In one embodiment of the method for manufacturing a semiconductor device,
Each bonding layer of the first wafer and the second wafer has a surface doped with Mg or Zn by ion implantation or diffusion,
The drive voltage is adjusted by controlling the resistance value of the bonding interface according to the carrier concentration of the bonding layer of each of the first wafer and the second wafer.

  According to the method for manufacturing a semiconductor device of this embodiment, each bonding layer of the first wafer and the second wafer has a surface doped with Mg or Zn by ion implantation or diffusion. According to the carrier concentration of the bonding layer of each of the first wafer and the second wafer, the resistance value of the bonding interface is controlled and the driving voltage is adjusted. Therefore, by optimizing the carrier concentration of the bonding layer, The resistance of the bonding interface can be controlled.

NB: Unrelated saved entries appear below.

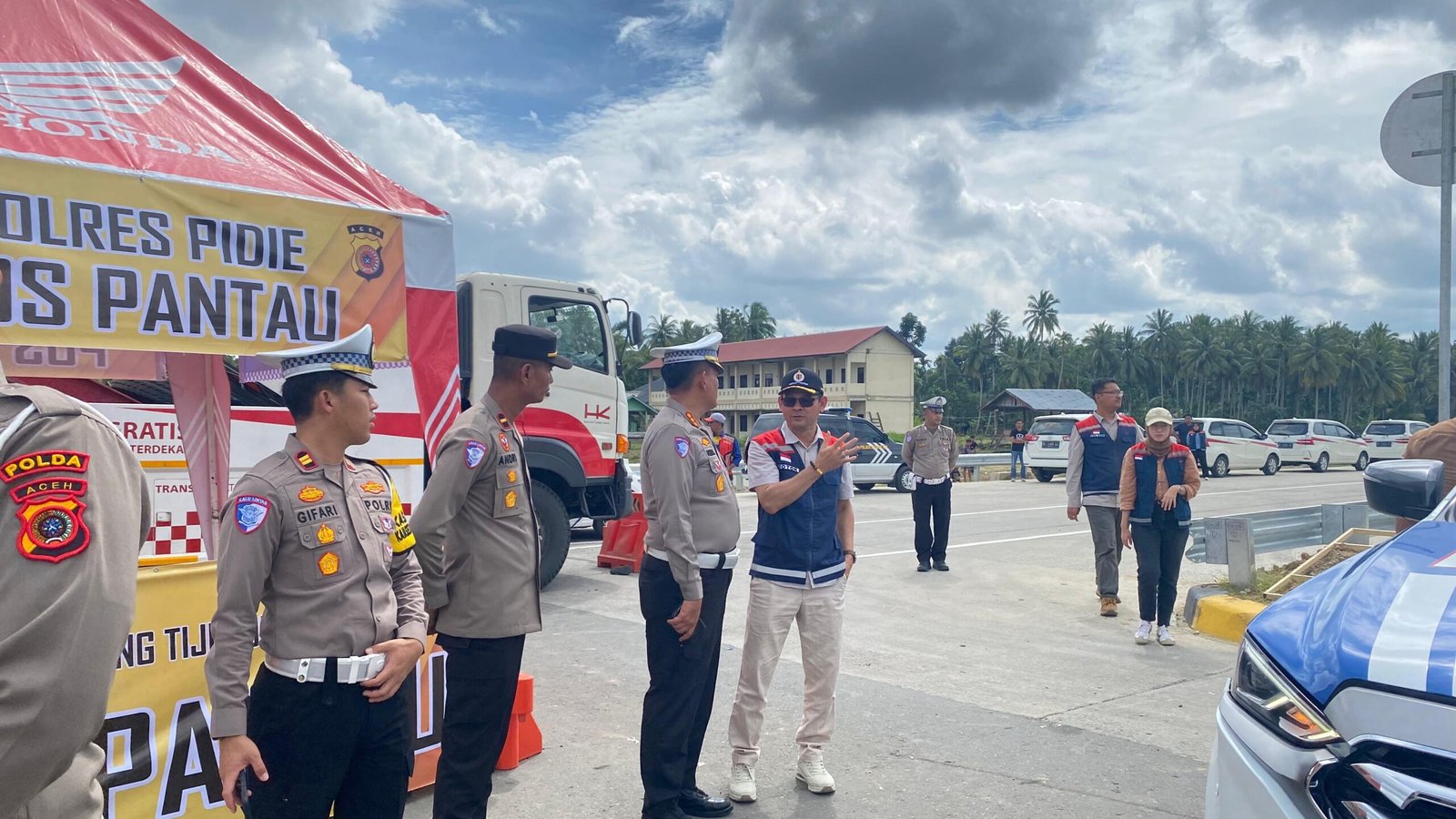 Banda Aceh — Dirlantas Polda Aceh Kombes M Iqbal Alqudusy, yang juga Kasatgasopsda Lilin Seulawah 2024 meninjau pos pengamanan dan pelayanan Natal dan Tahun Baru (Nataru) di Pelabuhan Ulee Lheue, Kota Banda Aceh dan Bundaran Lambaro, Kabupaten Aceh Besar, Sabtu, 21 Desember 2024.
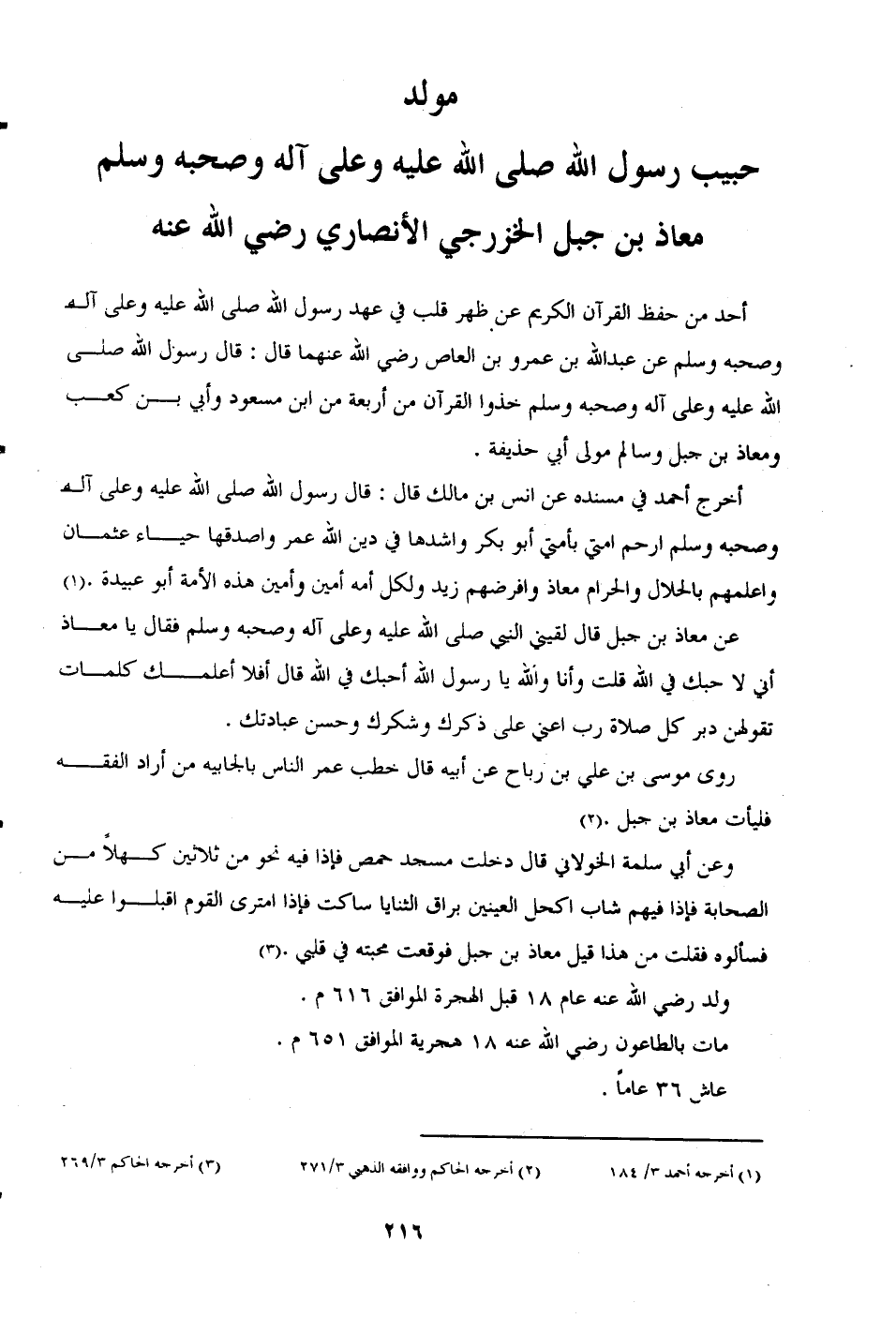 مولد حبيب رسول الله صلى الله عليه وعلى آله وصحبه وسلم معاذ بن جبل الخزرجي الأنصاري (رضي الله عنه)
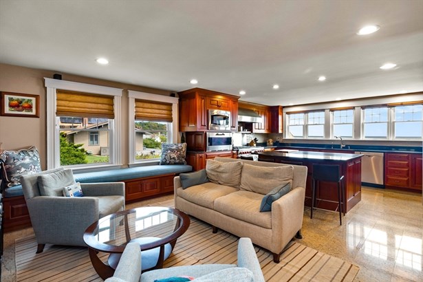 Nestled within a picturesque seaside community, this sizable and sophisticated formal home has elegance and charm. It coasts expansive views of the ocean creating a backdrop that shifts with the rhythms of the tide and the changing colors of the sky. The grand entrance welcomes you into a impressive foyer with soaring ceilings and polished marble floor. The flowing layout includes multiple living spaces each bathed in natural light. The living room accentuated by a fireplace and French doors leading to the patio invites both intimate gatherings and grand entertaining. a well equipped kitchen with a separate spacious pantry, top of the line appliances, custom cabinetry and granite counter tops adjoins a cozy family room that leads to a formal dining room with ocean views. The spacious principal bedroom has a sunroom and well appointed bath. Meticulously cultivated garden with koi ponds , a private path to the ocean edge and a roof top deck. This is a true haven by the sea.
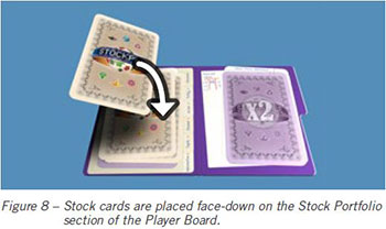 Note: Stock cards obtained during the game should be kept secret from other players. A player may look at which stocks he/she has at any time.
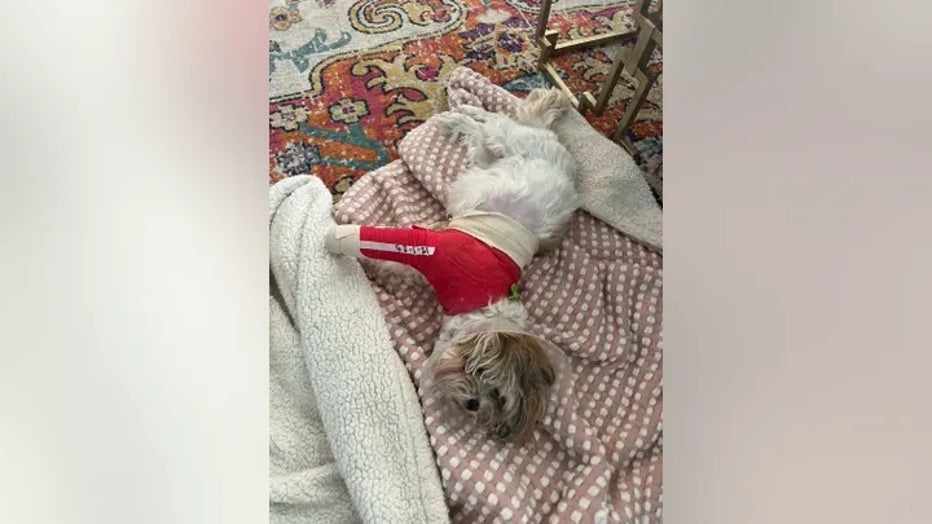 Oakley is pictured during her recovery after surviving a coyote attack. (Lane Dyer)

In one embodiment of the method for manufacturing a semiconductor device,
The bonding layer of the first wafer is a GaP layer doped with Zn having a concentration of 2.5 to 3.5 × 10 ¹⁸ cm ⁻³ ,
The bonding layer of the second wafer is a GaP layer doped with Zn having a concentration of 0.5 to 1.5 × 10 ¹⁸ cm ⁻³ .
The driving voltage is set to 3 to 3.5 V by controlling the resistance value of the bonding interface.

According to the method for manufacturing a semiconductor element of this embodiment, the bonding layer of the first wafer is a GaP layer doped with Zn having a concentration of 2.5 to 3.5 × 10 ¹⁸ cm ⁻³ , and the second The bonding layer of the wafer is a GaP layer doped with Zn having a concentration of 0.5 to 1.5 × 10 ¹⁸ cm ⁻³ , the resistance value of the bonding interface is controlled, and the driving voltage is set to 3 to 3 Therefore, when the semiconductor element is a red light emitting element, the red light emitting element can be substantially matched to the driving voltage of the light emitting elements of other colors such as blue and green. Blue and green can be lit simultaneously.

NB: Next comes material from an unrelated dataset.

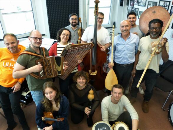 Im Neuen Saal präsentieren junge Talente aus aller Welt gemeinsam mit erfahrenen Dozent*innen, was in einer intensiven Woche globaler Zusammenarbeit entstanden ist.
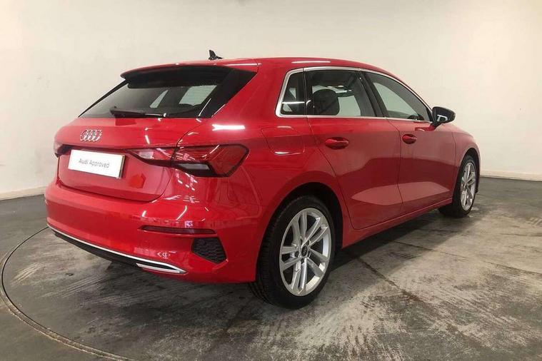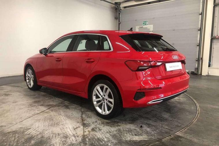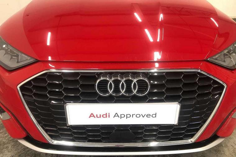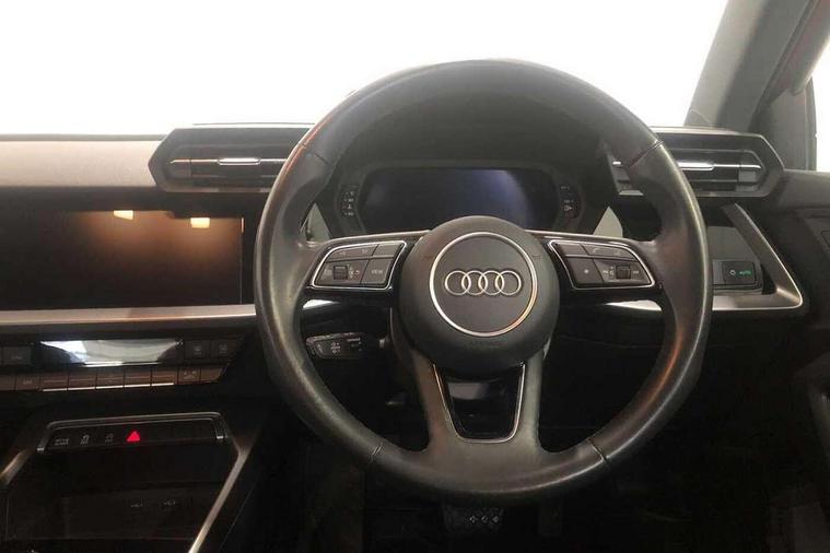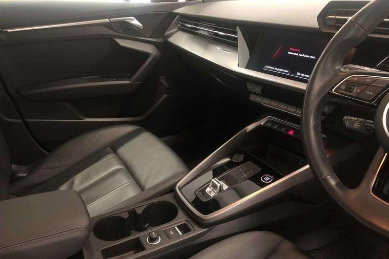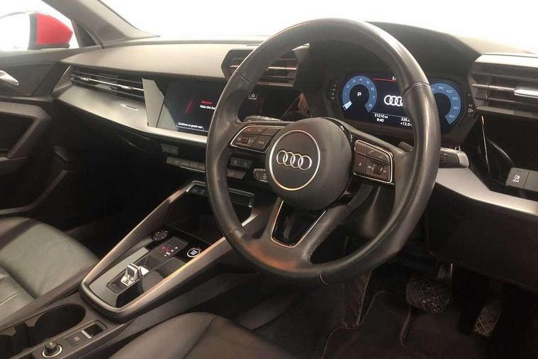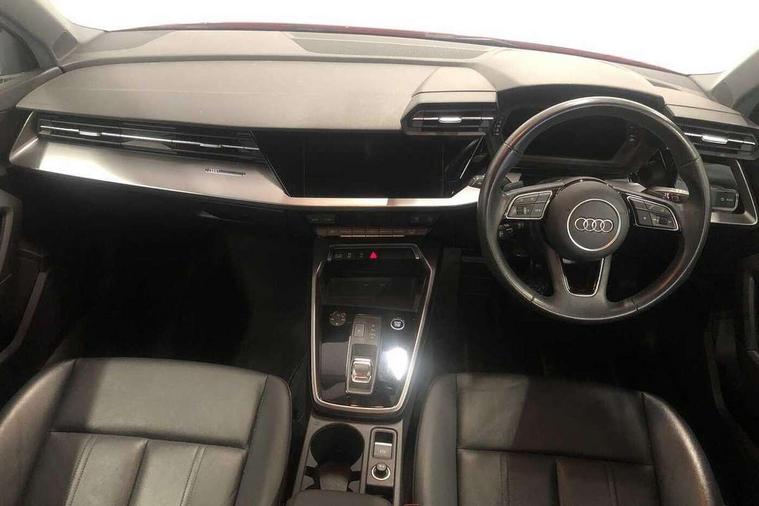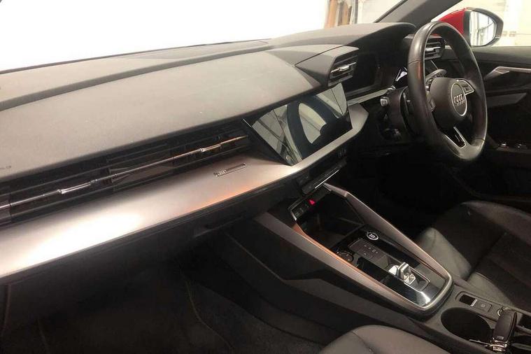 Audi drive select (Auto, Comfort, Dynamic, Efficiency and Individual), Audi smartphone interface, Audi Virtual Cockpit - 10.25" digital and colour instrument cluster, Automatic start/stop system with recuperation, Bluetooth interface, Collision avoidance assistant, e-Call (emergency call), Electromechanical power speed sensitive steering, Lane departure warning system, MMI Navigation Plus with high resolution 10.1" colour touch screen display, Service indicator, Trip computer, Voice control system with natural language interaction, Standard suspension, 2xUSB-C connection with data and charging functions, 6 passive loudspeakers, DAB Digital radio, 3rd brake light, Acoustic glass windscreen, Aluminium window trim, Auto dimming frameless rear view mirror, Body colour exterior mirrors, Body colour roof spoiler, Electrically adjustable/heated/folding/auto dimming door mirrors with integrated LED indications + kerb view function for passenger side, Front electric windows, LED daytime running lights, LED headlights and halogen rear lights, Light and rain sensors, Rear electric windows, Rear side wing doors, Rear window, rear door windows and rear side windows in clear glass, Rear wiper, 12V socket and storage compartment in front centre console, 3 seat bench in 2nd row, 40/20/40 split folding rear seat bench with cupholder, Dual zone electronic climate control, Front and rear centre armrest, Front and rear headrests, Front door sill trims with aluminium inlay, Front/rear floor mats, Height and reach adjustable steering wheel, Interior lighting - Front and rear roof module including reading lights, glove compartment light and right hand side, Luggage compartment floor covering, Manual boot compartment lid, Manually adjustable front seats, Seat side bolsters, Single front passenger seat, Steel grey cloth headlining, Twin leather upholstery, Aluminium interior elements pack - A3 Sportback, Sport styling pack - A3 Sportback, 3x3 point rear seat belts, Audi pre sense front, Driver and front passenger airbag with passenger airbag deactivation, Electronic Stabilisation Control (ESC) including ABS, ASR and EDL, First aid kit with warning triangle and 2 safety vests, Front side airbags with head airbags and interaction airbag, Pre-sense front with pedestrian and cyclist detection, Seatbelt monitoring, Tyre pressure loss indicator, Anti theft alarm, Anti-theft wheel bolts, Electronically operated child lock, Immobiliser, Remote control central locking, Inlays with silk effect paint in platinum grey,

  In one embodiment of the method for manufacturing a semiconductor device, the resistance value at the bonding interface is controlled by the pressure at the time of wafer bonding between the first wafer and the second wafer.

  According to the semiconductor element manufacturing method of this embodiment, the resistance value of the bonding interface is controlled by the pressure at the time of wafer bonding between the first wafer and the second wafer. The drive voltage of the semiconductor element can be adjusted.

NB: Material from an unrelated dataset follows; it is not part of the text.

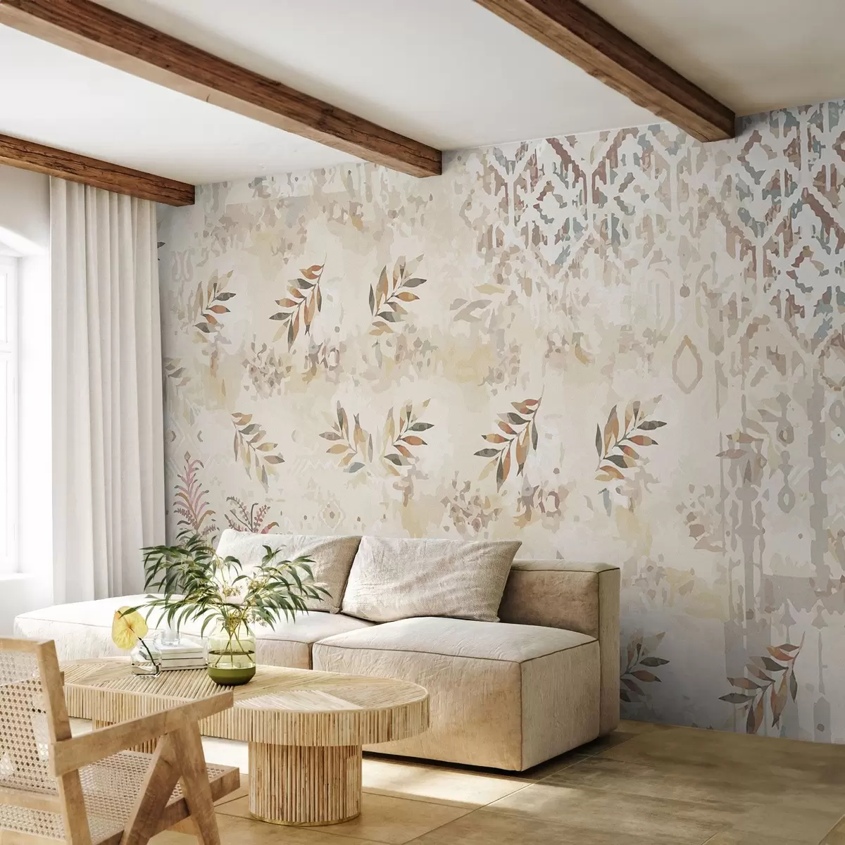 Fototapet tapet în stil retro cu modele, elemente de abraziune, pete și frunze, în culori bej Nr. w01955

  In one embodiment of the semiconductor device manufacturing method, the resistance value of the bonding interface is controlled by the temperature at the time of wafer bonding between the first wafer and the second wafer.

  According to the semiconductor element manufacturing method of this embodiment, the resistance value of the bonding interface is controlled by the temperature at the time of wafer bonding between the first wafer and the second wafer. The drive voltage of the semiconductor element can be adjusted.

  In one embodiment of the semiconductor device manufacturing method, the resistance value of the bonding interface is controlled according to the time of wafer bonding between the first wafer and the second wafer.

  According to the semiconductor element manufacturing method of this embodiment, the resistance value of the bonding interface is controlled by the time of wafer bonding between the first wafer and the second wafer. The drive voltage of the semiconductor element can be adjusted.

The semiconductor device of the present invention is
Having a plurality of semiconductor elements arranged in parallel with each other;
At least one of the plurality of semiconductor elements is the semiconductor element according to claim 1,
The at least one semiconductor element is characterized in that the resistance value of the bonding interface is controlled so as to have a driving voltage that substantially matches the driving voltage of the other semiconductor elements.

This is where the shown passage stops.